Two of dogs’ greatest attributes are their acute sense of smell – about 10,000 times that of humans – and their incredible empathy. A new study published in PLOS One shows canines can utilize both these abilities to sniff out stress.

Stress Has a Smell That Dogs Can Detect

Stress causes physiological changes, including alterations in breath and sweat compounds, which produce distinct odors. Stress-induced sweat also primarily secretes from apocrine glands, which tend to create more aroma than eccrine glands, which secrete most heat-induced sweat.
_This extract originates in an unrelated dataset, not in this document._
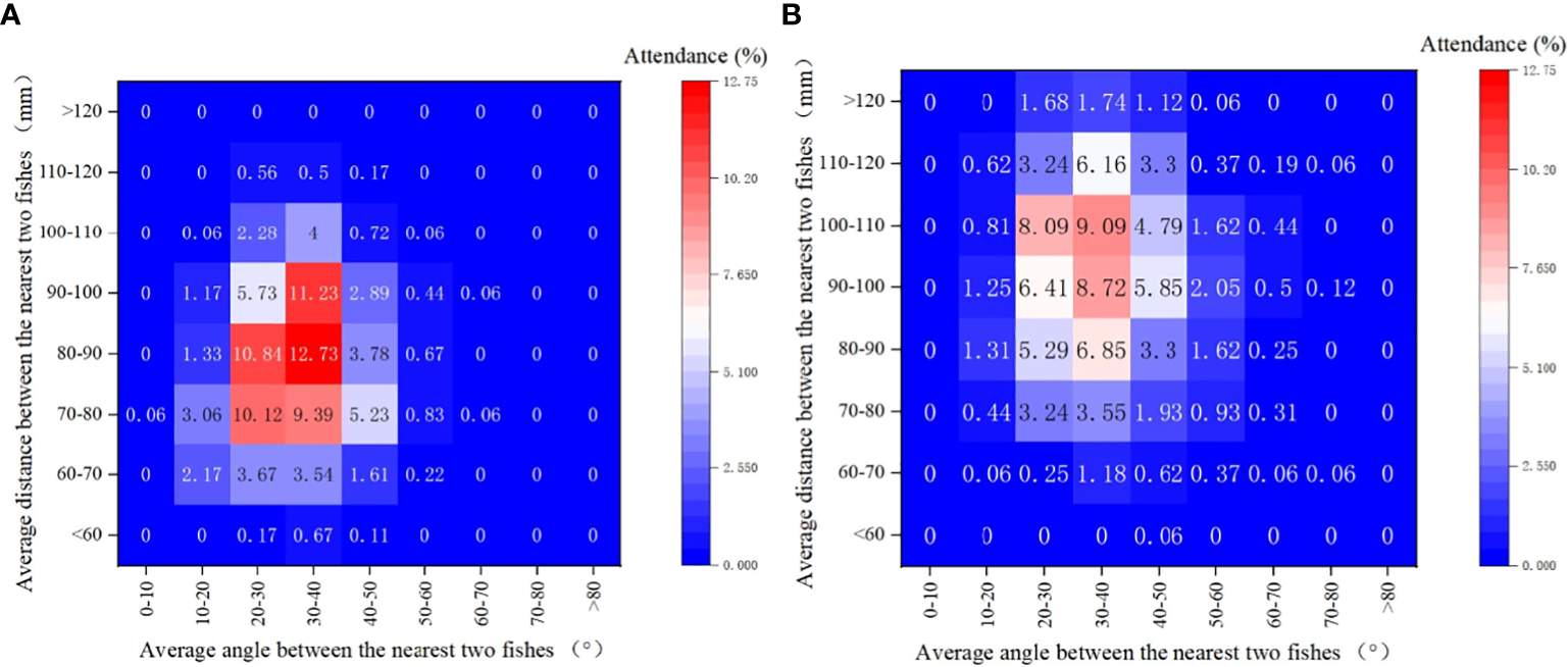 Heat Map Depicting the Distribution of Largemouth Bass Swimming Behavior in Both Experimental Tanks: The heat map visualizes the variations in the swimming behavior of largemouth bass in response to the experimental conditions. Both the average angle (horizontal axis) and average distance (vertical axis) between fish are represented. (A) Ambient Group: Depicts the swimming behavior distribution under normal conditions. (B) Noise Group: Illustrates the altered swimming behavior under the influence of equipment noise.

Researchers from Queen’s University in Belfast, United Kingdom, set out to see if dogs could tell the difference. They collected sweat and breath samples from participants before and after they completed stressful tasks. Then, they tasked dogs trained in scent identification with distinguishing between the two. The canines did so accurately in 675 of 720 trials – or about 94 percent of the time.

“While it is likely that in a real-life context, dogs are picking up on our stress from a variety of context cues, we have shown using a laboratory study that there is a confirmed odor component that is likely contributing to dogs’ ability to sense when we are stressed,” Clara Wilson, an animal psychologist, and the study’s lead author wrote, per NBC News.

Why It Matters That Dogs Can Sense Stress

Previous research has shown how dogs perceive and often mirror human emotions, particularly their parents’. Scientists also know dogs can smell disease, including COVID-19 and cancer, by detecting volatile organic compounds (VOCs). However, this is the first study illustrating how dogs can detect stress through scent.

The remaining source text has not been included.